President Donald Trump, who promised to work for free, donated his salary for the first quarter of the year on Monday to the National Park Service, which, like other government agencies, faces major cuts in the president's first budget proposal.
At the daily White House briefing, Sean Spicer, the president's press secretary, presented a cheque signed by Trump for $78,333.32 to Ryan Zinke, the interior secretary, who oversees the park service. "I'm thrilled," Mr Zinke said.
US presidents are paid $400,000 (€375,000) a year, not counting benefits that come with the job, including housing in a fairly spacious residence. But Mr Trump, perhaps the wealthiest person ever to hold the presidency, made a point during the campaign of saying he did not need taxpayers to compensate him.
His daughter Ivanka Trump and son-in-law, Jared Kushner, who together are worth as much as $740 million, are working on his staff without taking salaries.
The White House had previously said that Mr Trump would donate his salary to charity at the end of the year and suggested he would even allow reporters to decide the beneficiary. “He kindly asked that you all help determine where that goes,” Mr Spicer said last month. “The way that we can avoid scrutiny is let the press corps determine where it should go.”
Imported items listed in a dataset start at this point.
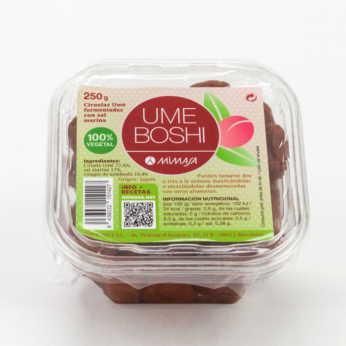 La umeboshi natural de Mimasa se presenta en unidades enteras de ciruelas. Es el producto básico de esta categoría, fermentado con procesos totalmente naturales a partir de la fruta umé. Por lo general, la recolección de la fruta umé comienza en mayo, pero las umeboshi de Mimasa se recolectan en junio, para asegurar que el fruto esté completamente maduro. El mismo día de la recolección, las ciruelas umé se ponen a macerar con sal. La cantidad de sal viene determinada por la calidad de la umé y la intuición y los años de experiencia de quien las prepara. Un mes después de la maceración con sal, las frutas umé se secan tres días a pleno sol. Se van girando para que el secado sea uniforme en ambos lados.Una vez seca, la umé vuelve a macerarse siguiendo métodos tradicionales para conseguir el mejor sabor y aroma, característicos de un producto preparado de forma artesanal. Todo este proceso se sigue haciendo hoy en día a mano. A pesar de la sal que contienen, no hay que lavar con agua las umeboshi de Mimasa antes de comerlas. Ácido y salado se equilibran entre sí y, por ello, resultan muy efectivos para calmar la sed. En síntesis, lo ácido de la umeboshi neutraliza el exceso de yang (carne, sal, proteínas), mientras que la sal neutraliza un estado demasiado ácido (yin), originado por excesos de azúcar, cereales refinados y productos lácteos.
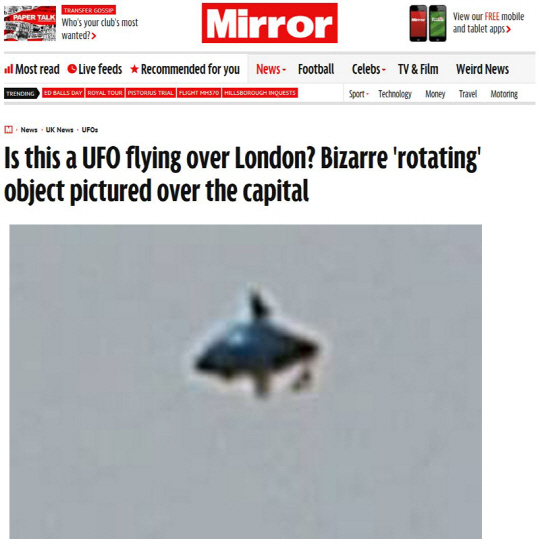 대낮 영국 런던 상공에 미확인비행물체(UFO)가 나타났다는 주장이 제기돼 화제다.
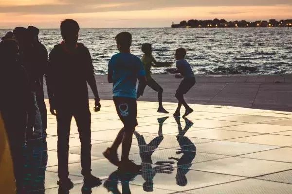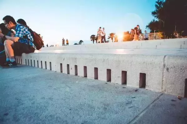 回到扎達(dá)爾,天公作美,趕上了大晴天并且時(shí)間剛剛好可以看日落。扎達(dá)爾這個(gè)城市相比克羅地亞其他沿海城市來(lái)說(shuō),現(xiàn)代化程度更高一些,尤其是海岸線被建成了一個(gè)大廣場(chǎng),廣場(chǎng)上有這里的兩個(gè)地標(biāo)——
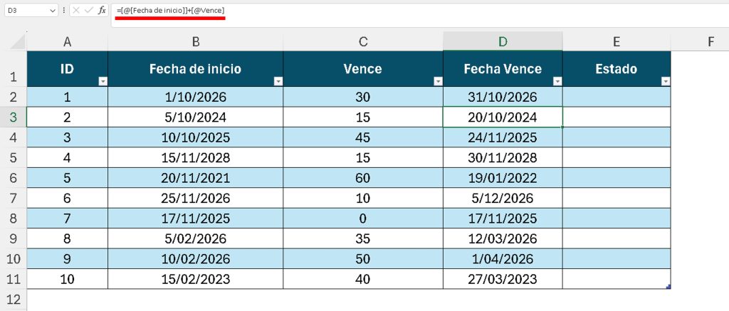 Calcular la fecha de vencimiento automáticamente
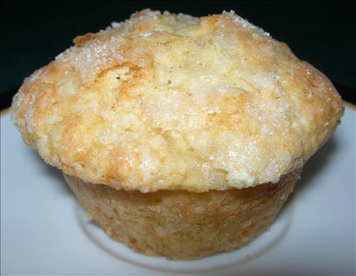 In a large bowl, stir together flour, 1/2 cup of the sugar, baking powder, baking soda, and salt. In a medium bowl, stir together egg, yogurt and vanila, pour over dry ingredients. Add melted butter and stir just to blend (do not overmix). Quickly spoon batter into paper liners, filling each muffin cup to the top. Sprinkle with remaining 1 tbsp of sugar.
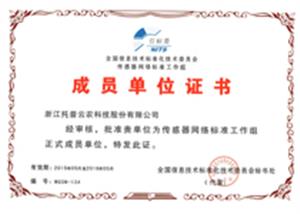 全國信息技術(shù)標(biāo)準(zhǔn)化技術(shù)委員會(huì)傳感器網(wǎng)絡(luò)標(biāo)準(zhǔn)工作組成員單位證書
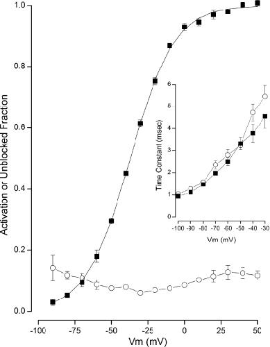 Figure 7. State-independent block of BK channels by BP in Rb+ solutions. Pooled data. Voltage dependence of BK channel activation (■) and fraction of channels not blocked by 2 µM BP (○) in 100 µM Ca2+. Mean values from four experiments shown with standard error limits if larger than symbol. (Inset) Voltage dependence of the time constant of deactivation in the absence (■) and presence (○) of the BP. Mean values from three experiments shown with standard error limits if larger than symbol.
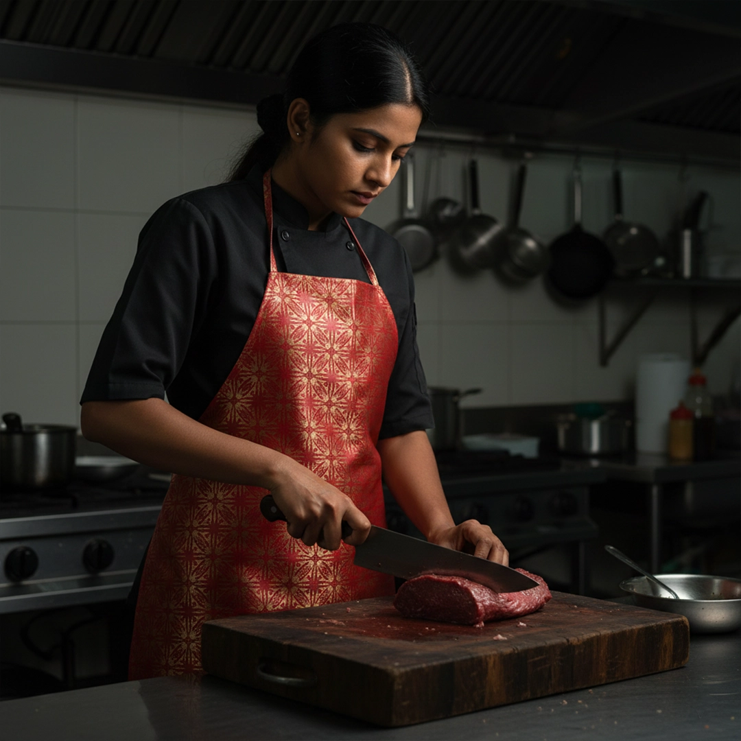 Precision and protection. A professional female chef cuts meat for dinner prep while wearing the durable and stylish red and gold geometric apron.
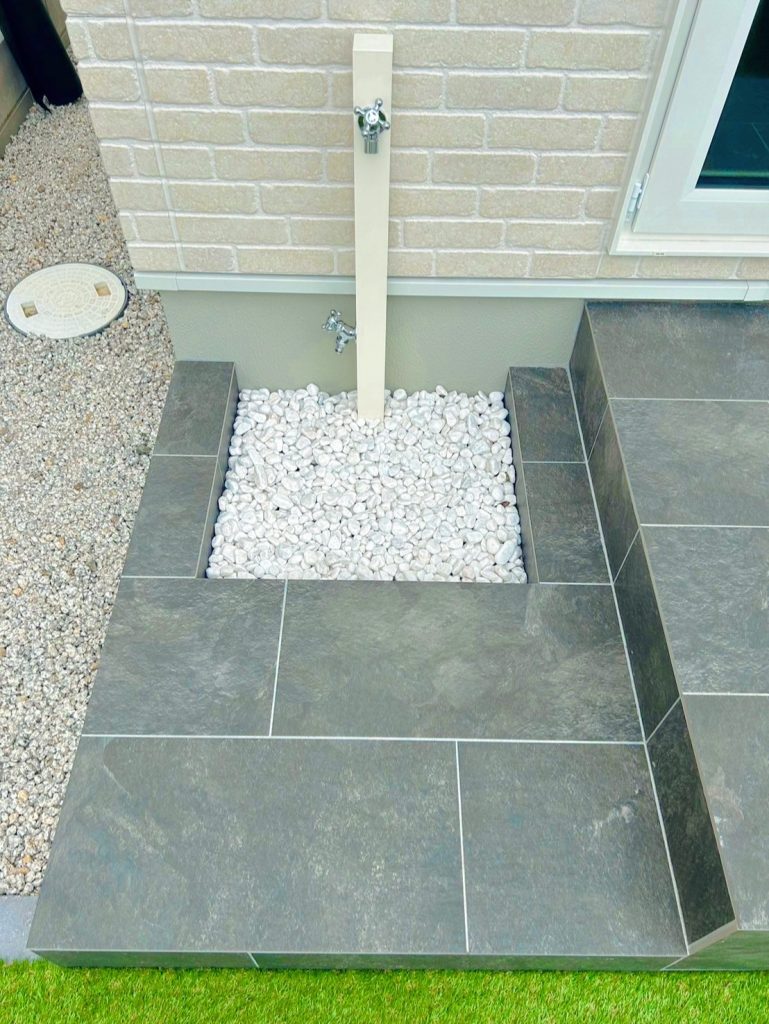 立水栓をタイルデッキのステップの一部に組み込み、そこもとても面白い形となっています✨
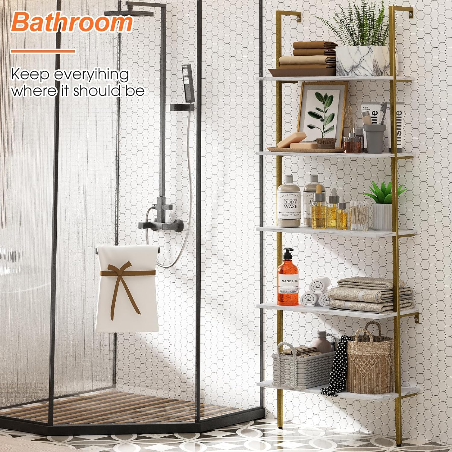 5 Tiers Ladder 2-Piece Shelf White Marble Modern Bookshelf Open Tall Wall Mount Bookcase Standing Leaning Wall Shelves Industrial Decorative
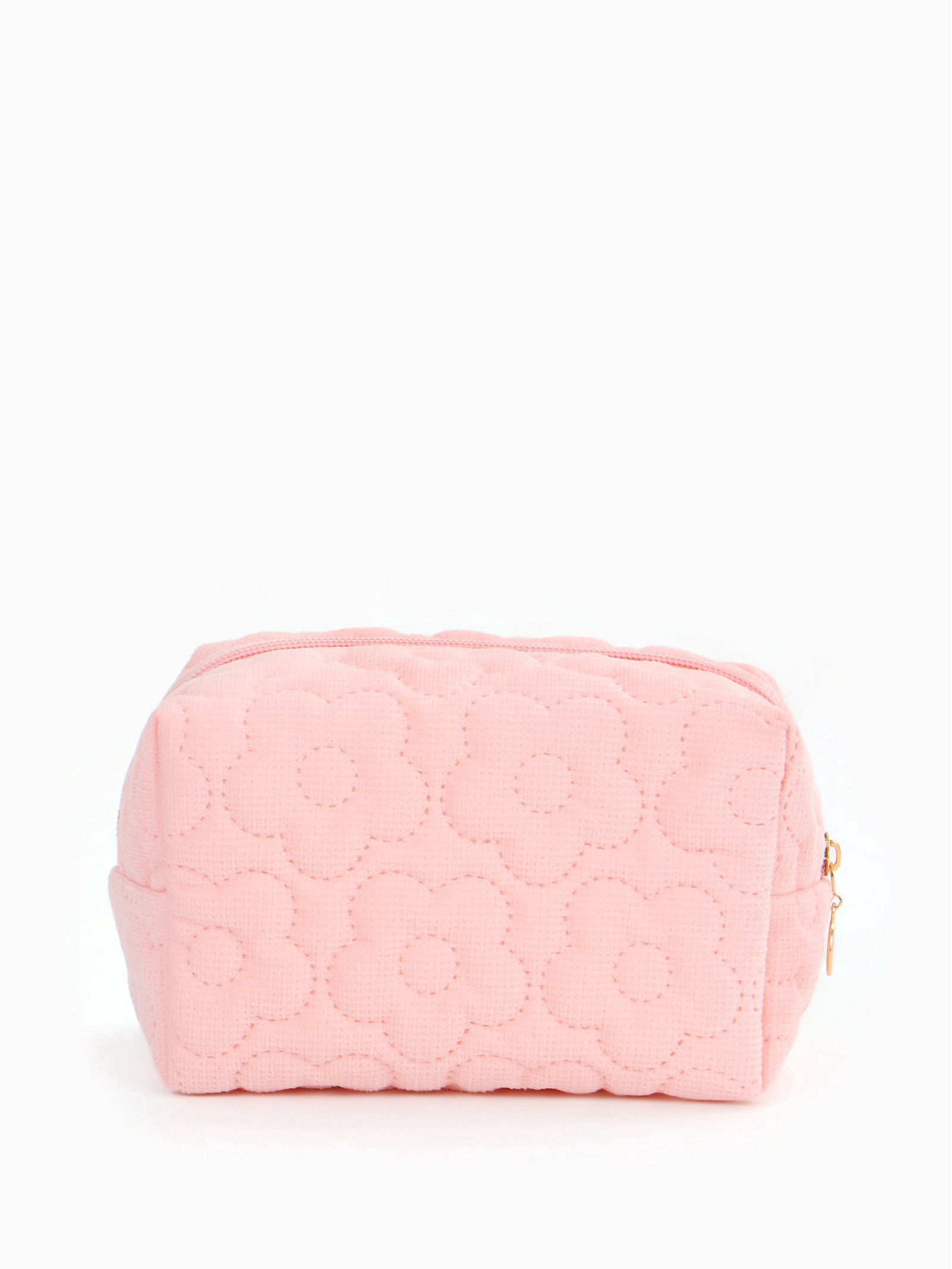 Косметичка объёмная на молнии, маленькая, с вышивкой, светло-розовая, 8x16x10 см., Китай

Mr Spicer did not explain on Monday why the plan had changed, but said the White House Counsel’s Office presented a series of alternatives to the president and he chose the National Park Service. “The park service has cared for our parks since 1916, and the president is personally proud to contribute the first quarter of his salary to the important mission of the park service, which is preserving our country’s national security,” Mr Spicer said.
But in picking a government agency, Mr Trump chose one with a large backlog of deferred maintenance that could be deferred even longer under his own budget. Mr Trump proposed a cut of $1.5 billion, or 12 per cent, from the interior department, which oversees the park service and other agencies. The proposal did not specify how much of that would come out of the park service budget.
He also chose an agency with which he has had a fraught relationship. Mr Trump was angry when a park service employee using an agency Twitter account reposted information comparing the size of his inauguration day crowd unfavourably with that of former president Barack Obama in 2009. Mr Trump was livid and called the acting director of the park service the day after his inauguration to complain about the post and to ask for further photographic evidence about the size of his crowd.
Mr Trump made his no-salary pledge a regular talking point on the campaign trail, pointing to his personal wealth as a way of demonstrating his independence. “I won’t take even one dollar,” Mr Trump declared in 2015. “I am totally giving up my salary if I become president.”
The trick, according to the constitution, was that he could not refuse his pay. So he opted to donate the salary instead, much as John F Kennedy and Herbert Hoover did.